Scaling Law for Recommendation Models: Towards General-Purpose User Representations

Authors: Kyuyong Shin, Hanock Kwak, Su Young Kim, Max Nihlén Ramström, Jisu Jeong, Jung-Woo Ha, Kyung-Min Kim

AAAI 2023 | Conference PDF | Archive PDF | Plain Text | LLM Run Details

Reproducibility Variable Result LLM Response
Research Type Experimental We comprehensively evaluate the pretrained user representation of CLUE with multiple downstream tasks from industrial and benchmark datasets, including an online CTR evaluation. More specifically, we compare the performance of a simple multi-layer perceptron (MLP) employing our task-agnostic pretrained CLUE features with a task-specific model trained for each downstream task. Furthermore, we investigate the empirical scaling laws of training data size, model capacity, sequence length and batch size with extensive experiments, and analyze power-law scaling for training performance as a function of computing resources.
Researcher Affiliation Industry 1NAVER 2NAVER AI Lab {ky.shin, hanock.kwak2}@navercorp.com
Pseudocode No The paper describes the model architecture and mathematical formulations (e.g., equations 1-4) but does not include any explicitly labeled "Pseudocode" or "Algorithm" blocks.
Open Source Code No The paper does not contain an explicit statement about releasing source code for the described methodology or a link to a code repository.

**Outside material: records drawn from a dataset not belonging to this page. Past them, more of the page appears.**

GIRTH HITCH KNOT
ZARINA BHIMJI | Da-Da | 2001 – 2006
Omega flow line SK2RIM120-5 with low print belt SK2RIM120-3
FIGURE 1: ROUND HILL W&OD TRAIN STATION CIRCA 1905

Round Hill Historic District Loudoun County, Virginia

Open Datasets Yes Benchmark dataset. We select two categories Books and Clothing Shoes and Jewelry from Amazon review dataset (Ni, Li, and Mc Auley 2019).

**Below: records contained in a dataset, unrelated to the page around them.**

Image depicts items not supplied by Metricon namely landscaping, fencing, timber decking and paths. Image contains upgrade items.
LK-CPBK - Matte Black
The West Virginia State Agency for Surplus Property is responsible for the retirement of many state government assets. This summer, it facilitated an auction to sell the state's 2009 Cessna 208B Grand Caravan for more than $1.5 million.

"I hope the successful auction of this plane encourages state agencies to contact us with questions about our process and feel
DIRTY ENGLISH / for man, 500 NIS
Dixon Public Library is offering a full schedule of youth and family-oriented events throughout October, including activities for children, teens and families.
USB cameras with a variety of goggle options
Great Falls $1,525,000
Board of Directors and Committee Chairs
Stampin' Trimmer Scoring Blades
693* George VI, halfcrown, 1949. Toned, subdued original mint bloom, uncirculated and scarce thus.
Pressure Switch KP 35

Dataset Splits No The paper states, "We make sure there are no shared users between the training, validation, and test sets," indicating the use of a validation set. However, it does not provide specific details on the split percentages or sample counts for this validation set, nor does it specify the splitting methodology.
Hardware Specification No The paper acknowledges the "NAVER Smart Machine Learning (NSML) platform team... for their critical work on the software and hardware infrastructure on which all the experiments were performed," but it does not specify any particular hardware components such as GPU models, CPU models, or memory details.
Software Dependencies No The paper mentions a "software infrastructure" provided by the NSML platform team in the acknowledgments, but it does not list any specific software dependencies (e.g., libraries, frameworks) with version numbers that would be required for replication.
Experiment Setup Yes The training details and hyperparameters of best CLUE are described in Appendix B. We train all models for 100,000 steps. CLUE is trained with 160M parameters, sequence length (128), and batch size (256).